City to close down unprofitable markets

Damar Harsanto, Jakarta

Poor conditions and poor services have prompted city market operator PD Pasar Jaya to close down some 50 non-lucrative traditional markets through a "modernization" scheme.

"In the future, I estimate PD Pasar Jaya will be financially healthy with only around 100 markets remaining operational in the city," PD Pasar Jaya president director Prabowo Soenirman said on Friday at City Hall.

In an initial phase, the operator will close down seven markets, which are considered financial burdens. They are the Blora, Karet Pedurenan and Kramat Baru markets in Central Jakarta; Sawah Barat, Prumpung and Cipinang markets in East Jakarta; and Kramat Jaya and Cilincing markets in North Jakarta.

PD Pasar Jaya cannot afford to renovate the markets, which would cost an estimated Rp 8 trillion (US$889 million).

According to Prabowo, the renovation of certain markets would be pointless anyway, as only a few vendors operated there, and few people went there to shop.

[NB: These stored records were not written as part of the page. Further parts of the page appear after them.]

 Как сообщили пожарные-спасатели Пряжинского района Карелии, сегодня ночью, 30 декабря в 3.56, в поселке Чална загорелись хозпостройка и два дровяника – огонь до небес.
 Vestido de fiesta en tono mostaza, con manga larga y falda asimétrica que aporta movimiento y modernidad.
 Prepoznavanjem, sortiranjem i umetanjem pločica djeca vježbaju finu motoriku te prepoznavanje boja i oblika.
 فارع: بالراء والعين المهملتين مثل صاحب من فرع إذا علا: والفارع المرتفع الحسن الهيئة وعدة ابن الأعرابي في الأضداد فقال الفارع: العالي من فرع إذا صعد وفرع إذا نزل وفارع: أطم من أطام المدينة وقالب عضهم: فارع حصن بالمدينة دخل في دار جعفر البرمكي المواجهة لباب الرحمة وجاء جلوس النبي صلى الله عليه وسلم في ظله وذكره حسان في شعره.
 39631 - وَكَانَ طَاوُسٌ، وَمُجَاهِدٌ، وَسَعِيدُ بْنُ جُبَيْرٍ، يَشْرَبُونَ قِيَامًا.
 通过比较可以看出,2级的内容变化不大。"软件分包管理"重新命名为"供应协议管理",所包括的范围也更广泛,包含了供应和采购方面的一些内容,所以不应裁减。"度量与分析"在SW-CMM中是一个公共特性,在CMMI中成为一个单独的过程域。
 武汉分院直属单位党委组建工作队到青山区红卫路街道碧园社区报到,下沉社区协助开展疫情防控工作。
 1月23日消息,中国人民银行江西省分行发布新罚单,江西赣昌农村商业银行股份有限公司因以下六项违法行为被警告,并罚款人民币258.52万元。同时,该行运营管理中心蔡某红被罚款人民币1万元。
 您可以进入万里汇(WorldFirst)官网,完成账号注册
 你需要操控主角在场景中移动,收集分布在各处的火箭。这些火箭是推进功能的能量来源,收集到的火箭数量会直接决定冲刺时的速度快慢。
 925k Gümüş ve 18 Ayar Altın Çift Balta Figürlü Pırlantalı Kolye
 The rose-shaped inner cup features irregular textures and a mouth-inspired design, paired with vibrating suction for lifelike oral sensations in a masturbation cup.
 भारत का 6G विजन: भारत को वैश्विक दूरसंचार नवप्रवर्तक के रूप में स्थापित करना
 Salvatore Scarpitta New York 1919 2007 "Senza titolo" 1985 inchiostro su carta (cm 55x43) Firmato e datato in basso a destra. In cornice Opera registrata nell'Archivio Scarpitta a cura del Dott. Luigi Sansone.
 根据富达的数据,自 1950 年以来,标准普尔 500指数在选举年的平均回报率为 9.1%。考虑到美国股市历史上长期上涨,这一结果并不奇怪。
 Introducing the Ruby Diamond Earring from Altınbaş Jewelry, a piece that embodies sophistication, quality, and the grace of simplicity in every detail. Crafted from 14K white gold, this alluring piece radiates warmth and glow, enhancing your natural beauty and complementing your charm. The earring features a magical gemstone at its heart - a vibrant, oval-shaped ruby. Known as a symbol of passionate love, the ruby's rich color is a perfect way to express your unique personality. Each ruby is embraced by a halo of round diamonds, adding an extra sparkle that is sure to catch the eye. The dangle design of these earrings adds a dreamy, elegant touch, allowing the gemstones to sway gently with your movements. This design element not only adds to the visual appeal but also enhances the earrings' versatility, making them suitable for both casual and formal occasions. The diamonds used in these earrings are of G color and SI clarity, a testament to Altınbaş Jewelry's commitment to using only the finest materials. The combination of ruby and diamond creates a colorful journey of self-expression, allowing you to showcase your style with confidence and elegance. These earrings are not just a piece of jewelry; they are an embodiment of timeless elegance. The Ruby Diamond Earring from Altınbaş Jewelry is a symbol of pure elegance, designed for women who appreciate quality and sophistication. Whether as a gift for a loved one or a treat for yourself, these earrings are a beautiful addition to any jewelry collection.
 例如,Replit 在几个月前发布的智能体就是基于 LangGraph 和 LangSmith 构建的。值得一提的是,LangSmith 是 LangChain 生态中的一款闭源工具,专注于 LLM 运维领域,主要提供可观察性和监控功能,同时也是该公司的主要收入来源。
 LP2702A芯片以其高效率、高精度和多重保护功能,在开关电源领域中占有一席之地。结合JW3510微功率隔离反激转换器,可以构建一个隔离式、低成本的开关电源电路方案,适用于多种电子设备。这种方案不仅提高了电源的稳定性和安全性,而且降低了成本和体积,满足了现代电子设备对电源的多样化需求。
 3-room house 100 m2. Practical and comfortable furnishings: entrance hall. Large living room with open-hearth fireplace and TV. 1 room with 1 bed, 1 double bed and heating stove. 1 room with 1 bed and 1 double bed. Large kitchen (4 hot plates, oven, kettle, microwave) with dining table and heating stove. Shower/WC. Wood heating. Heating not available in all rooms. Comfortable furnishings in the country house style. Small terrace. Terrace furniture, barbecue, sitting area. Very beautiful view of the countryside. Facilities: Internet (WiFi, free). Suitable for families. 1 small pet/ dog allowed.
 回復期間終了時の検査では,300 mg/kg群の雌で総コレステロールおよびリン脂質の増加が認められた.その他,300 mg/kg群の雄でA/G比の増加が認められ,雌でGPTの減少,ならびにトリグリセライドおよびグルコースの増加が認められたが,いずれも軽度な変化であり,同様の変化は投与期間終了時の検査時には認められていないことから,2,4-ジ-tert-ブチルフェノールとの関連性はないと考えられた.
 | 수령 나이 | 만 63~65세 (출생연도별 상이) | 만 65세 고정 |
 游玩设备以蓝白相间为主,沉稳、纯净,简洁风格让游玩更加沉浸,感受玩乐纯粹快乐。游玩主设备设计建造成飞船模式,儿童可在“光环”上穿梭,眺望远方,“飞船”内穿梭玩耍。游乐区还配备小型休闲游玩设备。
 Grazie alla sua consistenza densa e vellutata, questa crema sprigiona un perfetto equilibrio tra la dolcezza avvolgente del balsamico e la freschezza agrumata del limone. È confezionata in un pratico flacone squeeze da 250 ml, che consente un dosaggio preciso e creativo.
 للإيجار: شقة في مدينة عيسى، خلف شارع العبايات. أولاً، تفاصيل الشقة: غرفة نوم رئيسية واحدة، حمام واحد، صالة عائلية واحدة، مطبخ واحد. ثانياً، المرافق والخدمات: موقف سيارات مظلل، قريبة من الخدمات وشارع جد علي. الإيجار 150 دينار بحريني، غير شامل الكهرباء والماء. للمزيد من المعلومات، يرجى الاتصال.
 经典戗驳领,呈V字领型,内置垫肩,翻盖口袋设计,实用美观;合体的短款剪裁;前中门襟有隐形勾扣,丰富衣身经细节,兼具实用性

"There have been changes in some areas where our markets are located. The changes forced us to reconsider whether the markets were still needed by the residents," he said.

He used, as an example, Blora market, which has been quiet over the last three years as, while it was once surrounded by houses, offices now stand in their place.

"We are planning to convert the market into offices or other commercial premises... We are also looking into the possibility of cooperating with city companies for that purpose," he said, adding that cooperation with city companies would help maintain the lower rental fees imposed on vendors and tenants.

City companies will manage businesses relevant to their core businesses.

"(City run developer) PT Jakarta Propertindo will manage offices or apartments, while PT Jakarta Turisindo will handle hotels and PD Pasar Jaya will maintain markets," he said.

Critics say that city companies have overlapped in running their businesses, as in the case of the construction of the Jakarta Wholesale Center at the former site of the Melati dam in Central Jakarta.

The center, which will become the country's largest wholesale market for textile products, will be developed by PT Jakarta Realty, a joint venture of private company PT Agung Podomoro and PT Jakarta Propertindo.

Prabowo claimed that efforts to modernize city markets would help the operator book more profit and improve its services to the vendors, as well as customers.

PD Pasar Jaya only managed to book Rp 18 billion in profit last year. As for this year, the operator has aimed to generate profit of Rp 28 billion.